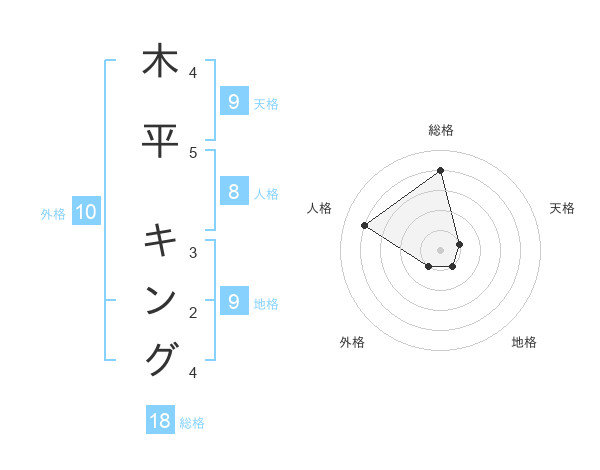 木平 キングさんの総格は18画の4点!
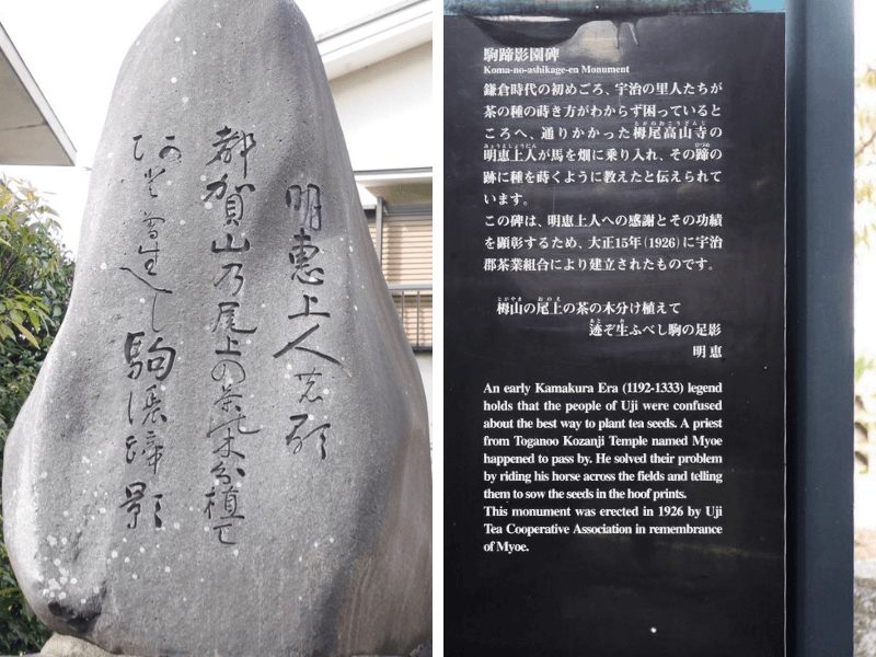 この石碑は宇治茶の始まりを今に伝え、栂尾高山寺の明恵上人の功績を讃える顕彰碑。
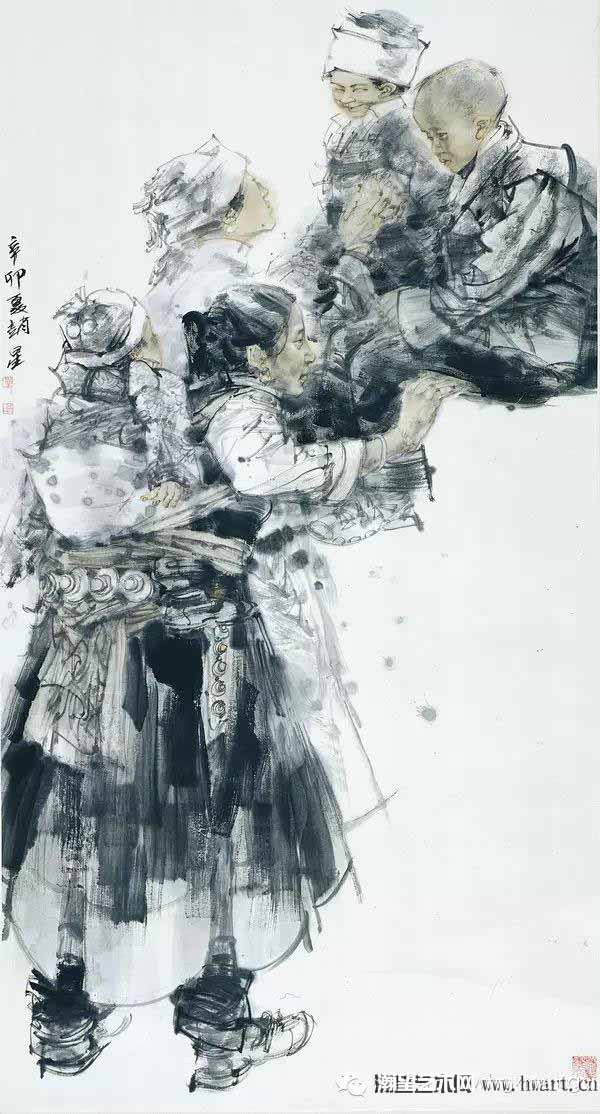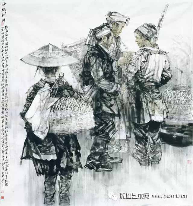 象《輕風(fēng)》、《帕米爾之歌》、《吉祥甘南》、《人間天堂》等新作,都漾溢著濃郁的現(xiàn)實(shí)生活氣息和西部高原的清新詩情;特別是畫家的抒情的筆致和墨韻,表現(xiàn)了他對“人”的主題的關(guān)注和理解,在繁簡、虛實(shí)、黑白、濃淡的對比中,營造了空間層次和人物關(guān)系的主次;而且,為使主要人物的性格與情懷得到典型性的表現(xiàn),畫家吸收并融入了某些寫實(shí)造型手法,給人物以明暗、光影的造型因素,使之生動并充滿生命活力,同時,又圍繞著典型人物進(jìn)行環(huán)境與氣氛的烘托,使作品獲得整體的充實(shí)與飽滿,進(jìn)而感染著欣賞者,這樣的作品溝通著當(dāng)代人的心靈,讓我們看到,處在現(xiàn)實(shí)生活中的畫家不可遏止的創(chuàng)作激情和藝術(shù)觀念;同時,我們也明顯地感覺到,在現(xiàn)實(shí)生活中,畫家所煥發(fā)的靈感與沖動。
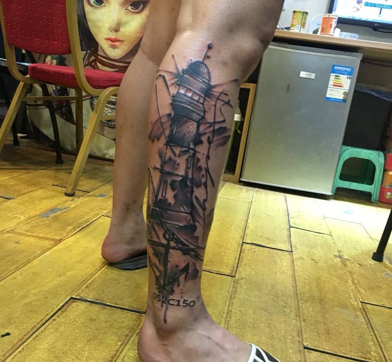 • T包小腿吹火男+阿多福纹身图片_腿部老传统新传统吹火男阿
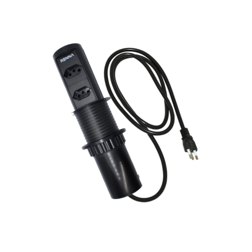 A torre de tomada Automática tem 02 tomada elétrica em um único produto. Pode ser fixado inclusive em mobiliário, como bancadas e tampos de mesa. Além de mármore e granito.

__________

## Problem description
The lines from the one holding "象《輕風(fēng)》、《帕" through the end of the material above are to be echoed exactly, both ends included. Do not include pictures.

## Expected output
 象《輕風(fēng)》、《帕米爾之歌》、《吉祥甘南》、《人間天堂》等新作,都漾溢著濃郁的現(xiàn)實(shí)生活氣息和西部高原的清新詩情;特別是畫家的抒情的筆致和墨韻,表現(xiàn)了他對“人”的主題的關(guān)注和理解,在繁簡、虛實(shí)、黑白、濃淡的對比中,營造了空間層次和人物關(guān)系的主次;而且,為使主要人物的性格與情懷得到典型性的表現(xiàn),畫家吸收并融入了某些寫實(shí)造型手法,給人物以明暗、光影的造型因素,使之生動并充滿生命活力,同時,又圍繞著典型人物進(jìn)行環(huán)境與氣氛的烘托,使作品獲得整體的充實(shí)與飽滿,進(jìn)而感染著欣賞者,這樣的作品溝通著當(dāng)代人的心靈,讓我們看到,處在現(xiàn)實(shí)生活中的畫家不可遏止的創(chuàng)作激情和藝術(shù)觀念;同時,我們也明顯地感覺到,在現(xiàn)實(shí)生活中,畫家所煥發(fā)的靈感與沖動。
 • T包小腿吹火男+阿多福纹身图片_腿部老传统新传统吹火男阿
 A torre de tomada Automática tem 02 tomada elétrica em um único produto. Pode ser fixado inclusive em mobiliário, como bancadas e tampos de mesa. Além de mármore e granito.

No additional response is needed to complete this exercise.